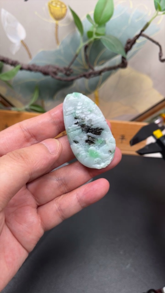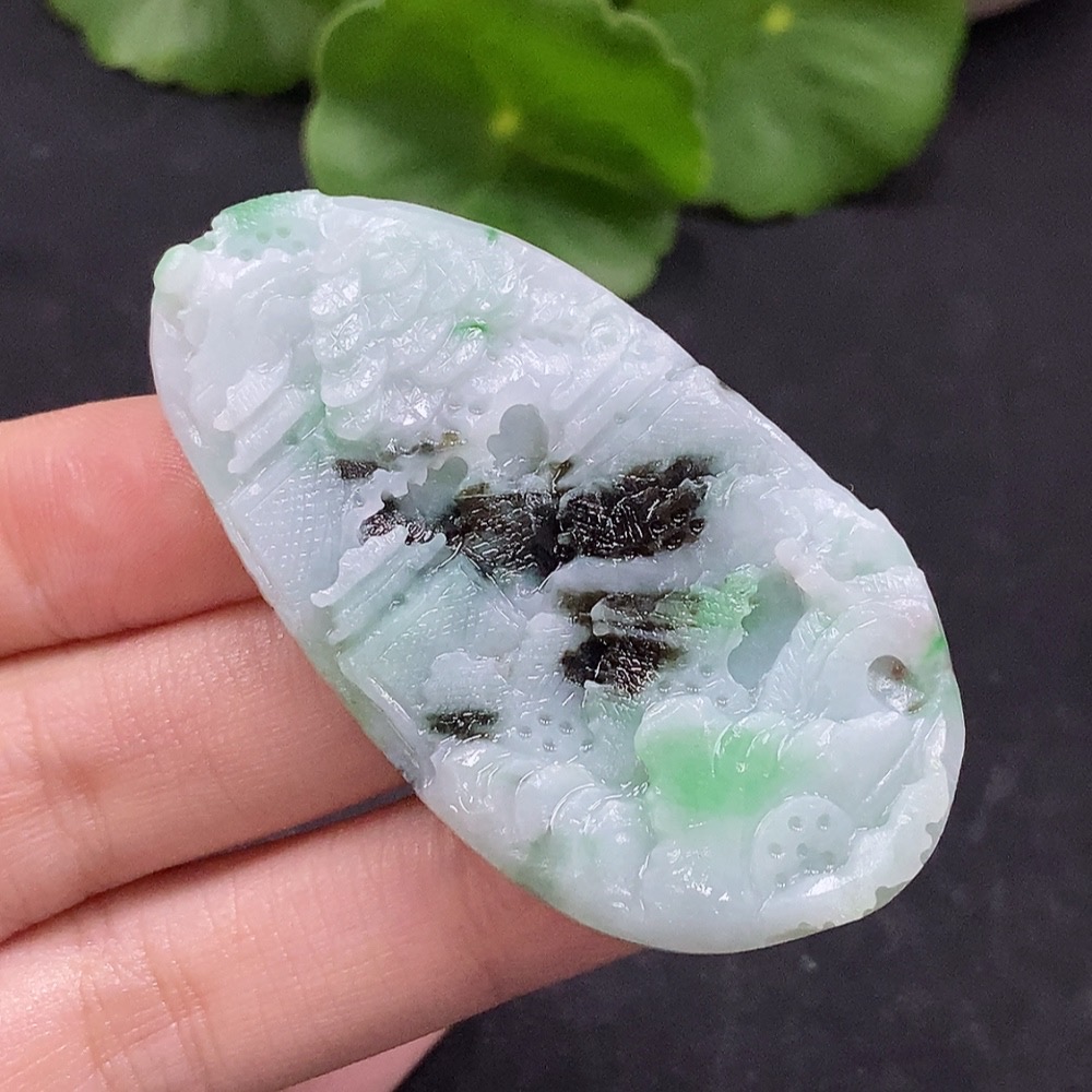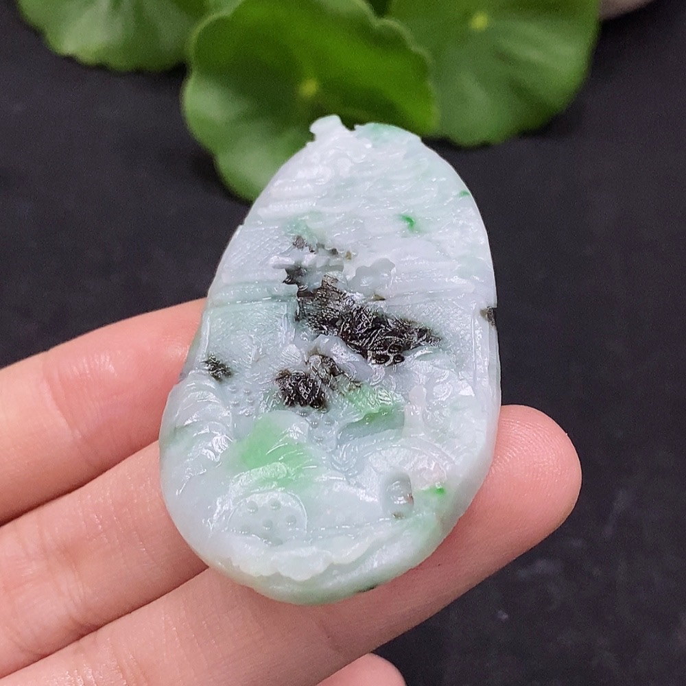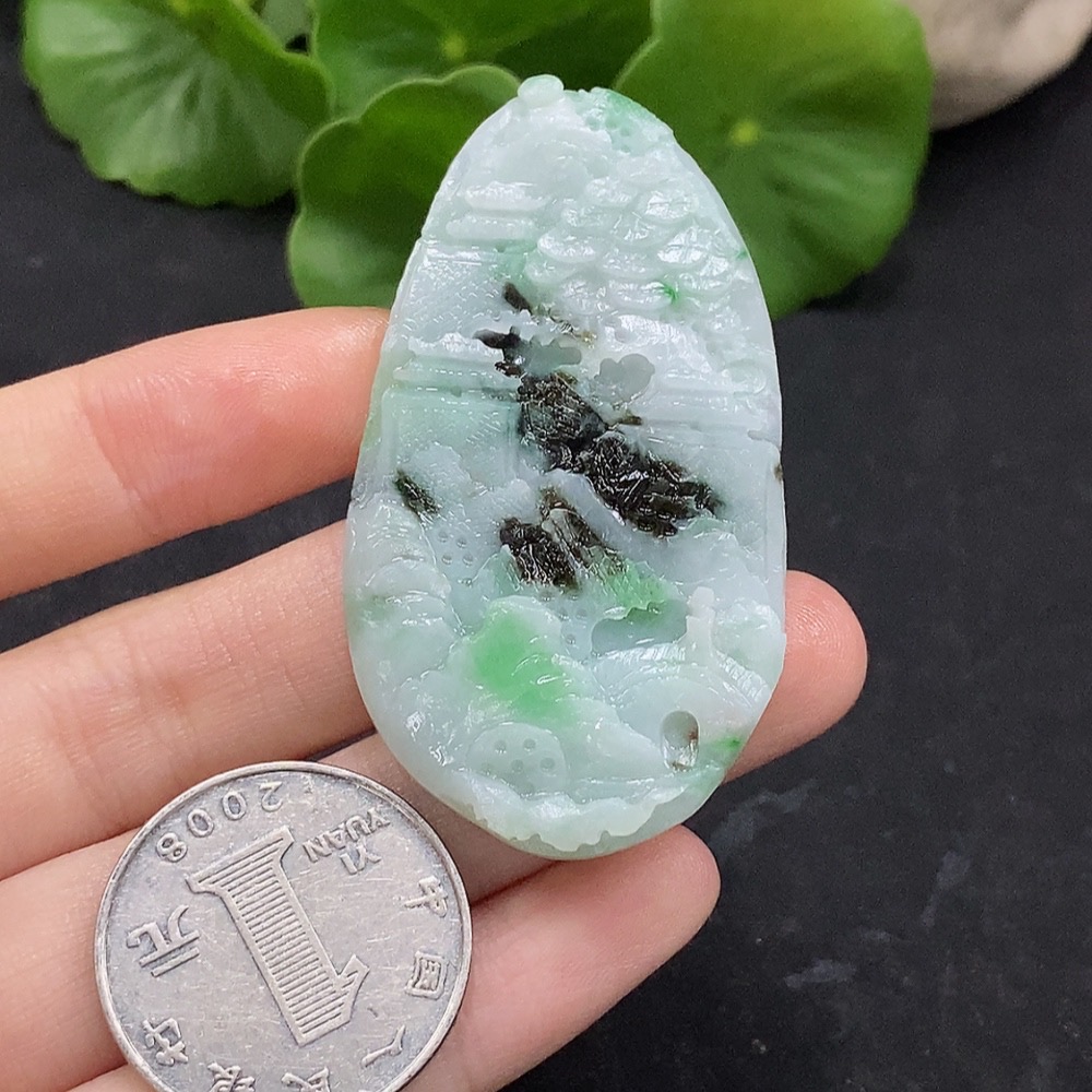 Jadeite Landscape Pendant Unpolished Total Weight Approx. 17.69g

++++++

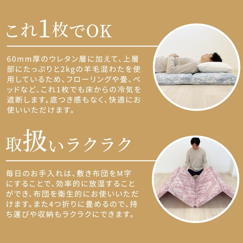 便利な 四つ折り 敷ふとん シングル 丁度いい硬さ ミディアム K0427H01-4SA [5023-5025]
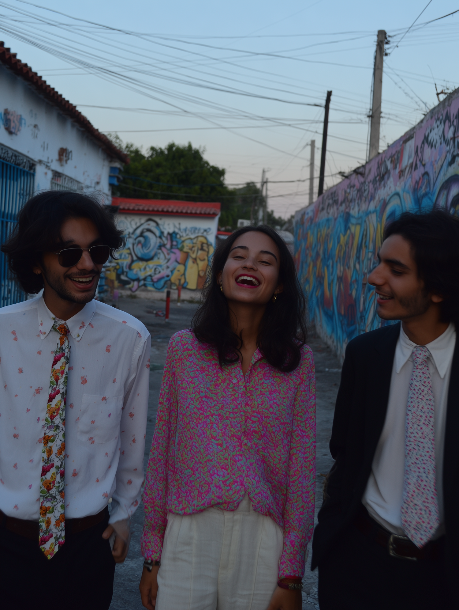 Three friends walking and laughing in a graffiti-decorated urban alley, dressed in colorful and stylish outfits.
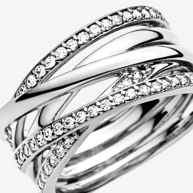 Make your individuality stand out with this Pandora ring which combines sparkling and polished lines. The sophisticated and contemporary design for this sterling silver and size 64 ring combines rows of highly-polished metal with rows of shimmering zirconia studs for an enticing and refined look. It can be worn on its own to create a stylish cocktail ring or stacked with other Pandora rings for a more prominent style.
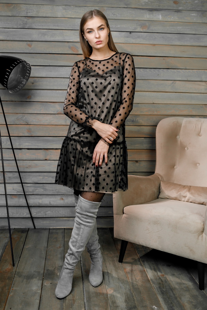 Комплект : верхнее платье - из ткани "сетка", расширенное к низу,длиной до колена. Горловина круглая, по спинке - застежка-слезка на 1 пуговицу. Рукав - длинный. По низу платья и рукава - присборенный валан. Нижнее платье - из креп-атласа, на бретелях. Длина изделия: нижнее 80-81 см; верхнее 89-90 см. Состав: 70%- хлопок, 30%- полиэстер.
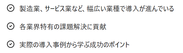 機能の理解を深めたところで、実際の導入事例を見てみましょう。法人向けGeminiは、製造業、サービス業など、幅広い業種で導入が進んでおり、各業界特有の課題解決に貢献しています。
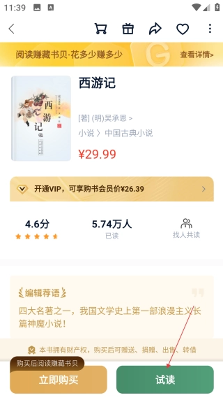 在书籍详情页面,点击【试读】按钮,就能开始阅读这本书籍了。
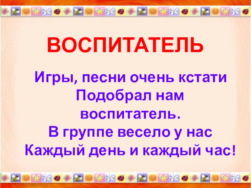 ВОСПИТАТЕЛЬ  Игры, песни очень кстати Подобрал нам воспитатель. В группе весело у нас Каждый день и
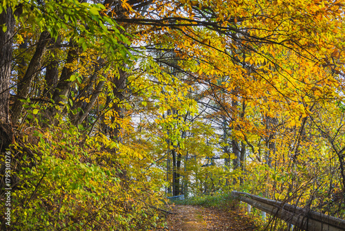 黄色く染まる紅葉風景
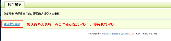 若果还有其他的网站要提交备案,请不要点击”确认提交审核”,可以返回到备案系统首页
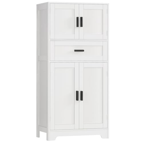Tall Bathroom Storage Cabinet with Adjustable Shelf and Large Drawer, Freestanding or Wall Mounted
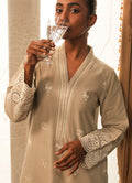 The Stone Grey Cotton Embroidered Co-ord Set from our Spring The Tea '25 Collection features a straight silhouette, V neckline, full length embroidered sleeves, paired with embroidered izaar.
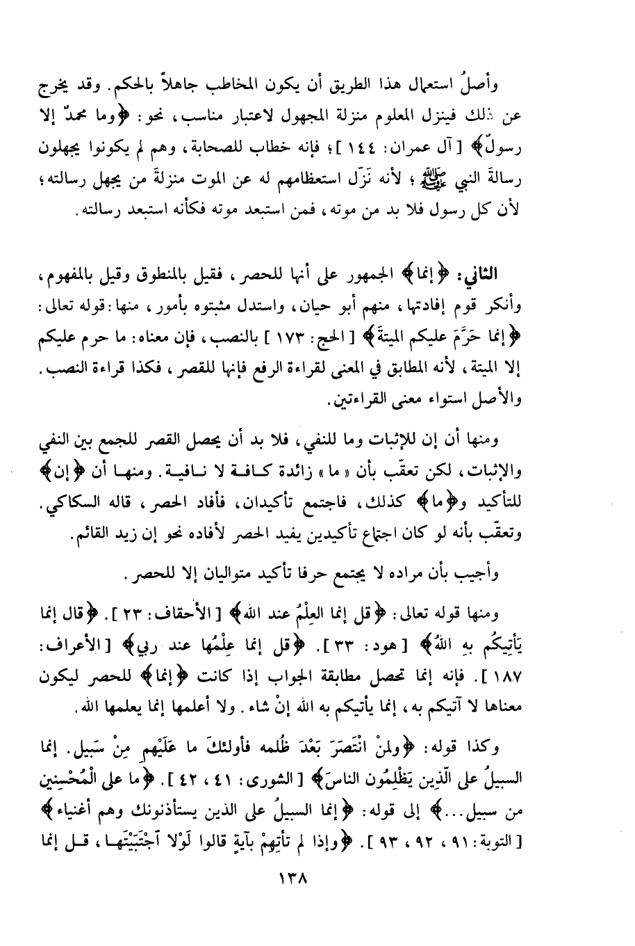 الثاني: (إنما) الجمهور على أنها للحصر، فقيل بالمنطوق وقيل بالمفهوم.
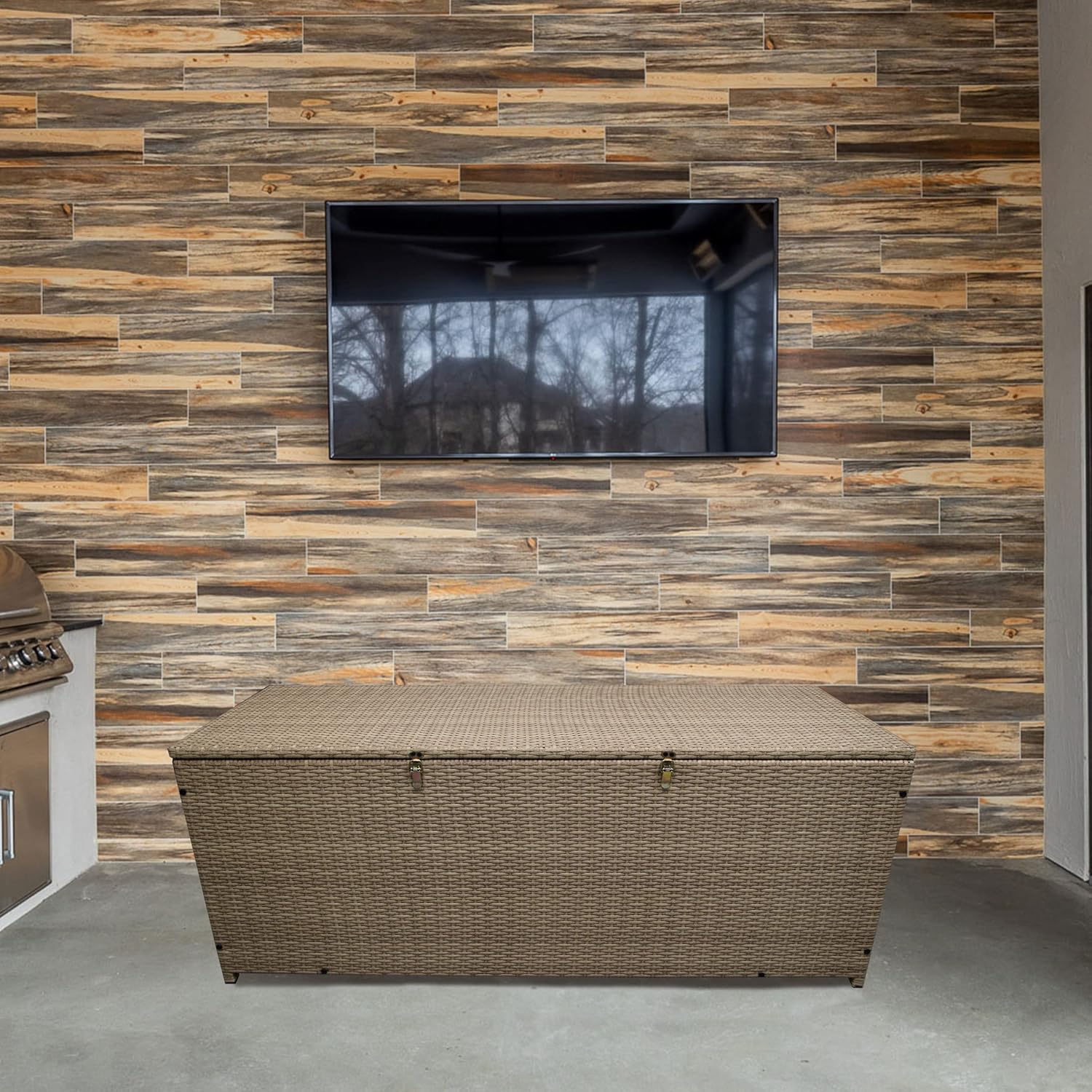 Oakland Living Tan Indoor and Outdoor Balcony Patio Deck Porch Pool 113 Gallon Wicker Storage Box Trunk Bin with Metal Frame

++++++

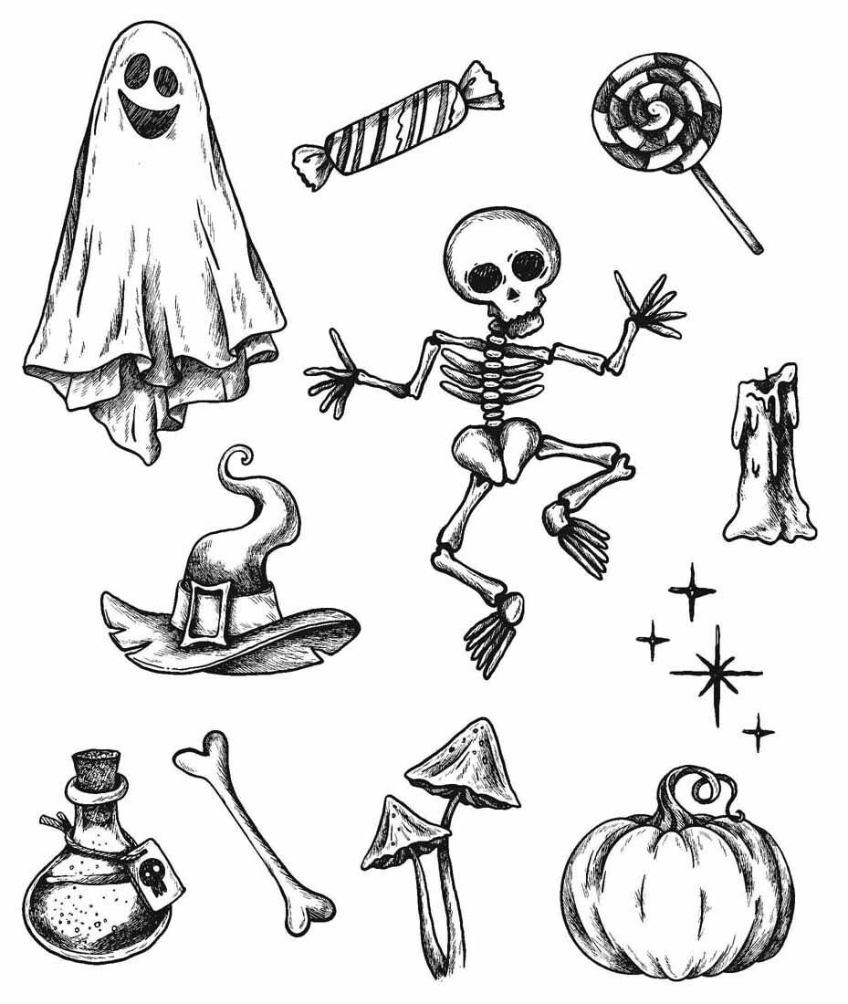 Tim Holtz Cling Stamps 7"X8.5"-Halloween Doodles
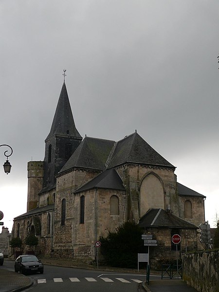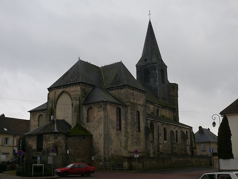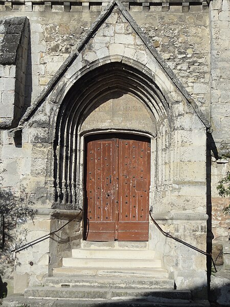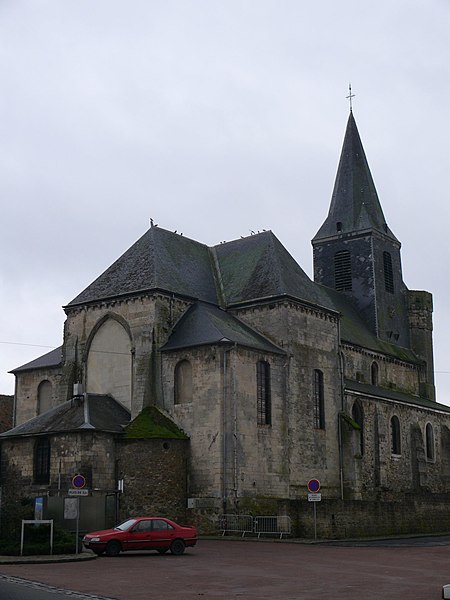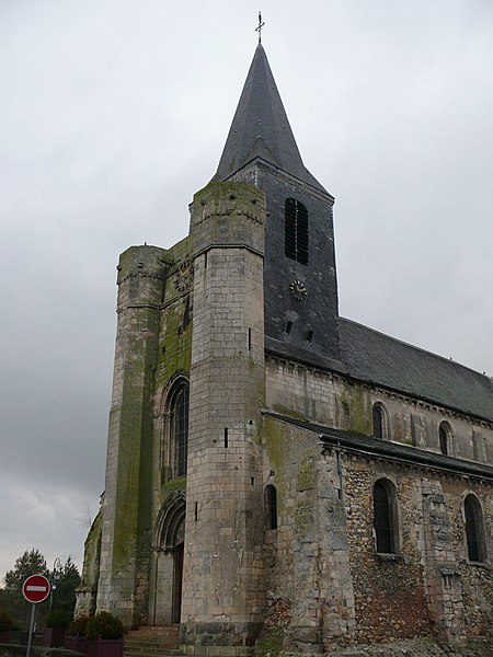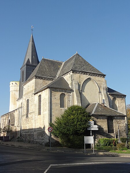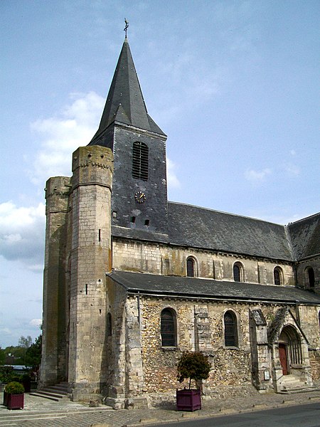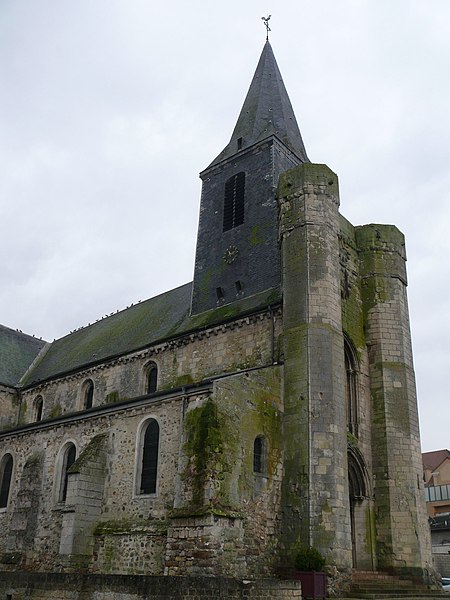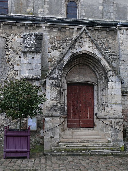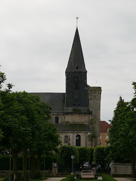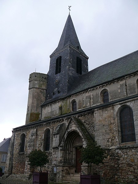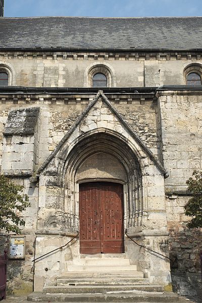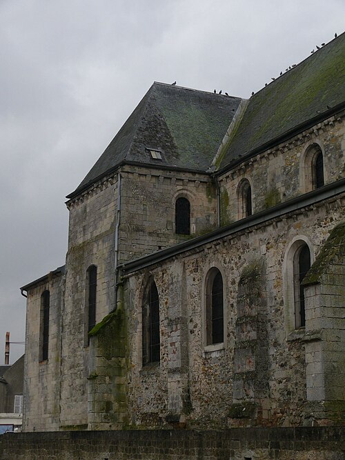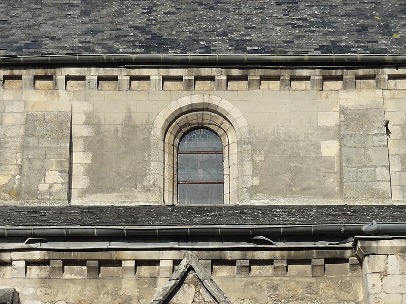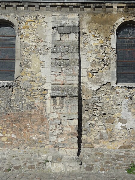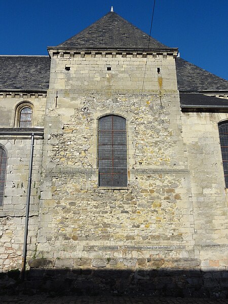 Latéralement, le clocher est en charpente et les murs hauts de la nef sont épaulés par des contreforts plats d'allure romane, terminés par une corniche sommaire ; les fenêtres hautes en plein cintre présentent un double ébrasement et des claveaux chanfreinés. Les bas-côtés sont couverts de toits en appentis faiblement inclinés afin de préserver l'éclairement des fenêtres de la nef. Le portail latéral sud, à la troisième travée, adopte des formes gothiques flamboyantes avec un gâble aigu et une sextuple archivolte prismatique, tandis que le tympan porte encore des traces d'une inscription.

++++++

## Your goal
Copy the lines above exactly, starting at the one with "在书籍详情页面,点击【试读】按钮,就能开始阅读这本书籍了。" and ending at the one with "Tall Bathroom Storage", both included. Leave out any pictures and add nothing else.

## Reply to the exercise
 在书籍详情页面,点击【试读】按钮,就能开始阅读这本书籍了。
 ВОСПИТАТЕЛЬ  Игры, песни очень кстати Подобрал нам воспитатель. В группе весело у нас Каждый день и
 黄色く染まる紅葉風景
 若果还有其他的网站要提交备案,请不要点击”确认提交审核”,可以返回到备案系统首页
Tall Bathroom Storage Cabinet with Adjustable Shelf and Large Drawer, Freestanding or Wall Mounted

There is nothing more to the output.